I love the fact that he actually wears his own stuff. And lets himself get thrown around by cars and logs. He really trusts his gear.


----------



## Ravage (May 28, 2008)

I'm no expert but do you guys really approve this ? The thing does look like a bit "sci-fi ghay"...


----------



## Boondocksaint375 (May 28, 2008)

If it's light and does what HE SAYS it does, then why not?  I'm a bit skeptical in some aspects, but I would love for it to be tested.  I think it doesnt need all the bells and whistles, especially a world clock where your balls are located.


----------



## JBS (May 28, 2008)

It's totally useless, unless it has a USB port, a bottle opener, and a charger for my freaking cell phone.

Just joking.

The guy is definitely goofy, but inventors often are.

The pepper spray is a terrible idea, since existing systems are more than adequate, and as Hitman said it can spray back into one's face (unless the face mask has a true NBC filter.
*
More obvious possible applications:*

High risk entry missions by tactical law enforcement units / military special operations units -especially against barricaded or heavily armed hard targets, EOD applications.
*
Perhaps less obvious,* the suit could be used in a riot control, non-lethal and dangerous prisoner / prison riot scenarios- if it's light enough.






I really think its only a matter of time before many of these technologies are fine tuned, and combined with other emerging technologies like the SARCOS robot suit.


----------



## Hitman2/3 (May 28, 2008)

JoeBlackSpade said:


> *
> Perhaps less obvious,* the suit could be used in a riot control, non-lethal and dangerous prisoner / prison riot scenarios- if it's light enough.



Thats a good one.
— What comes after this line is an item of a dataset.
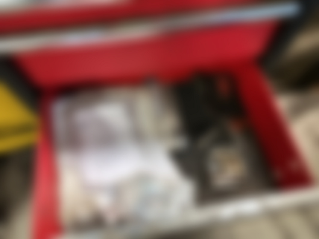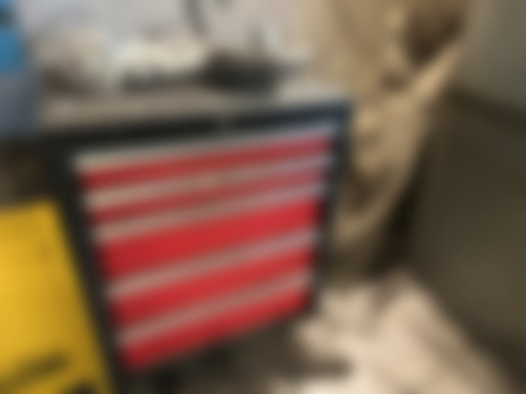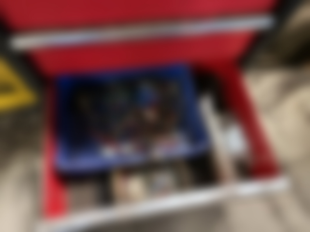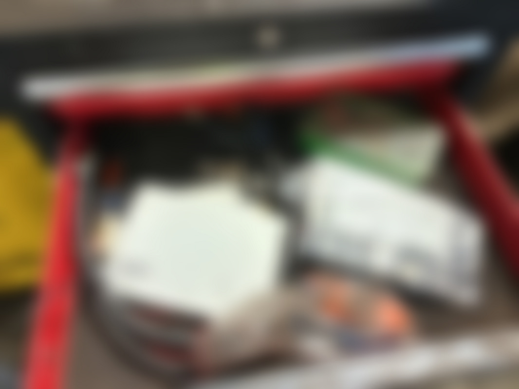 Not allowedRött och svart verktygsskåp med sex lådor. På topp och i lådorna ligger kablar, elektronikdelar och olika verktyg i lådorna ingår.
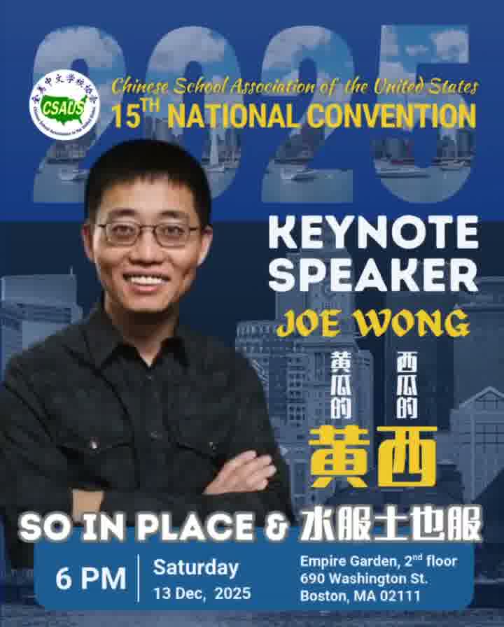 欢迎参加由全美中文学校协会(CSAUS)举办的第十五届全美中文学校协会年会暨中华教育研讨会。本次会议将于2025年12月12日至14日在马萨诸塞州波士顿举行。

I could see someone using it for that with a few mods.


----------



## JBS (May 28, 2008)

I've seen documentaries where these prison guards handle dangerous inmates, and they have their hands full.  Some prisoners act like wild animals- spitting, biting, scratching, kicking, etc.

3 or 4 guys in these suits might allow prisoner movements (with those exceptional case inmates) with less injuries to everyone.


----------



## RackMaster (May 28, 2008)

It has so many different useful scenarios.  Although, I don't know if I'd want to be in that suit and then jammed in a vehicle; maybe if one of those compartments has a can opener in it. 

I'm curious to see if he'll actually get the suit tested.  I think once he proves that it will potentially reduce casualties, then a Gov't department will snatch up the technology.


----------



## JustAnotherJ (Jun 2, 2008)

all i have to say is, society needs to start thanking people like him for what he's done (on his own initiative).  Regardless of the final outcome of his suit, he deserves a lot of credit from us milfolk;)


----------



## pardus (Jun 2, 2008)

The guy is a whackjob for sure but that is how troops will end up looking sooner or later.

I want to know why he isn't testing the suit he already has.
Govts should be looking into this seriously and giving him some money.


----------



## P. Beck (Jun 11, 2008)

I like the bear suit tests.  God knows how many times I've been chased through the woods by an angry bear in a truck, hell-bent on running me down.  In one of these I could have just let the bear hit me, get it out of his system and we could both get on with our day.


----------



## Centermass (Jun 25, 2008)

P. Beck said:


> I like the bear suit tests.  God knows how many times I've been chased through the woods by an angry bear in a truck, hell-bent on running me down.  In one of these I could have just let the bear hit me, get it out of his system and we could both get on with our day.



I don't care if it's bear proof or not if the bear is running after me with a bottle of Tabasco Sauce in tow. lol


----------



## Centermass (Mar 13, 2009)

300 APFT's????? :cool:

[YOUTUBE]<object width="425" height="344"><param name="movie" value="http://www.youtube.com/v/Nhj3Z9o6t0g&hl=en&fs=1"></param><param name="allowFullScreen" value="true"></param><param name="allowscriptaccess" value="always"></param><embed src="http://www.youtube.com/v/Nhj3Z9o6t0g&hl=en&fs=1" type="application/x-shockwave-flash" allowscriptaccess="always" allowfullscreen="true" width="425" height="344"></embed></object>[/YOUTUBE]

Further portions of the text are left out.